What Is Cardiac Arrest?

When it comes to heart problems, there are many different medical conditions that fall under this umbrella term. Stroke, cardiovascular disease, heart attack, arrhythmias, the list goes on (via National Heart, Lung, and Blood Institute). As a result, it can be hard to understand the difference between them all. Let's start by clarifying one condition in particular — cardiac arrest.

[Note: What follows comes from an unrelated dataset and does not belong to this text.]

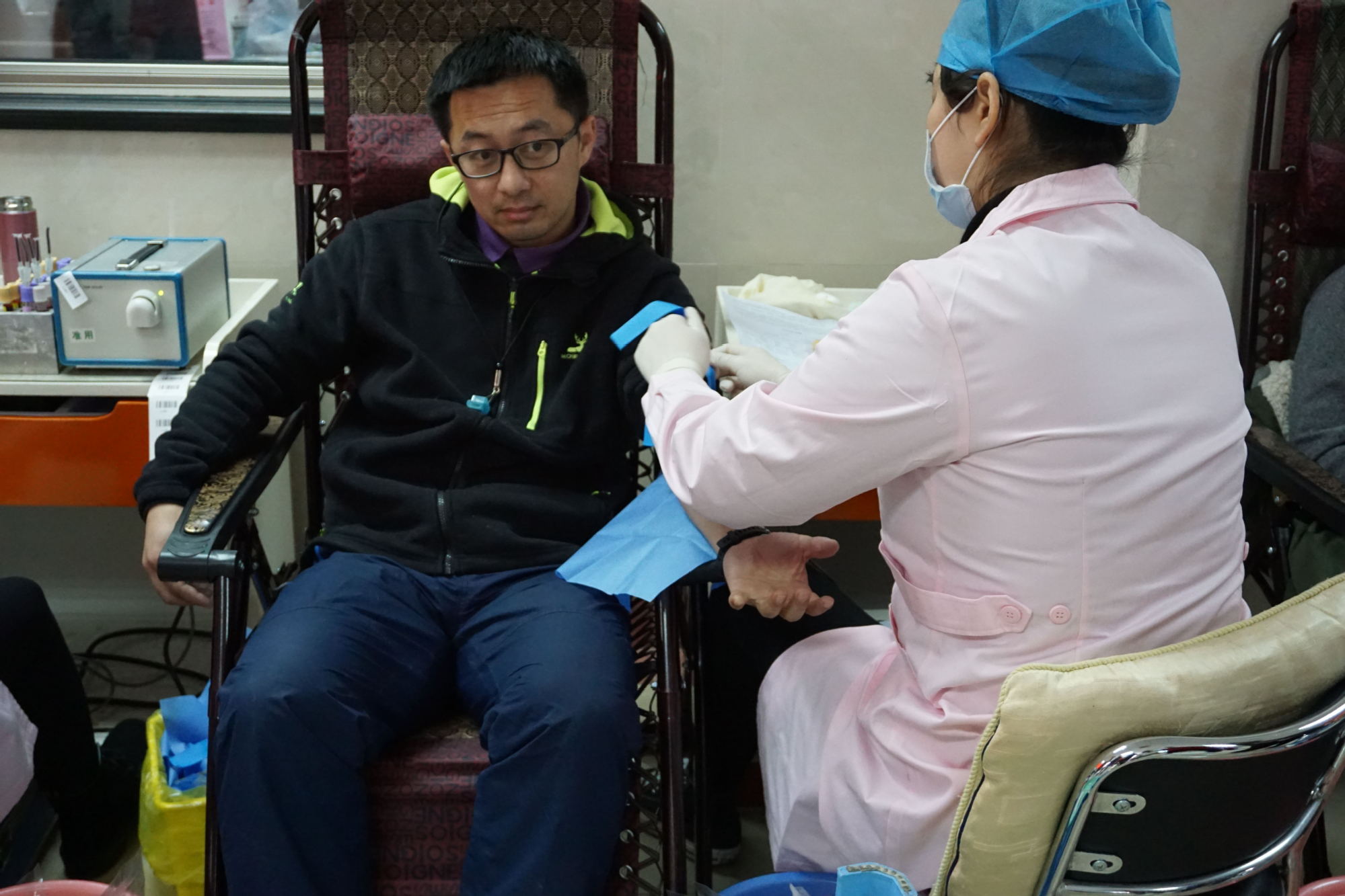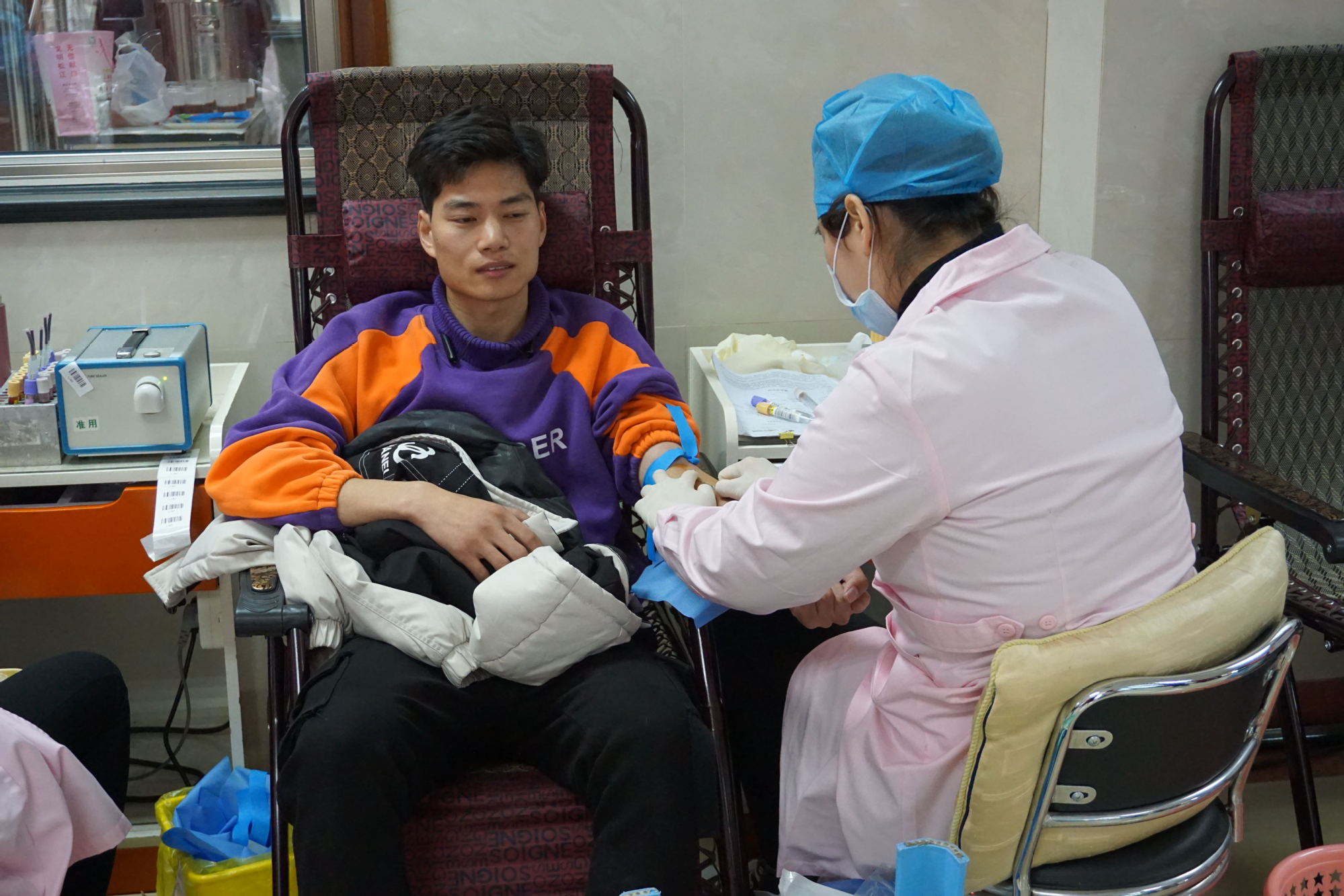 学院教师江磊第一个进入采血间,给同学们作了很好的表率。在众多献血者中,学生党员表现出了积极的带头作用,体现了无私的奉献精神。大四学生党员李豹已经是第4次参加无偿献血活动;退伍学生、党员胡维德展现了退伍不褪色的军人品质,共计6次献血;学生党员闵涛、王雅欣、金薇薇、王昊等均是多次献血,用实际行动诠释共产党员的先锋模范作用。

Cardiac arrest is responsible for the death of up to 450,000 people annually across the country, reports the National Heart, Lung, and Blood Institute. As per the American Heart Association (AHA), sudden cardiac arrest is different from a heart attack. The condition is characterized by the abrupt stopping of the heart due to an arrhythmia, or irregular heartbeat. Without blood flow to our most essential organs, death is often imminent in 90% of people who experience out-of-hospital cardiac arrest (via National Heart, Lung, and Blood Institute). Experts at Johns Hopkins Medicine note that there are not always symptoms precipitating sudden cardiac arrest. In some cases, however, individuals may experience dizziness, chest pain, shortness of breath, nausea, heart palpitations, or may be unresponsive due to loss of consciousness.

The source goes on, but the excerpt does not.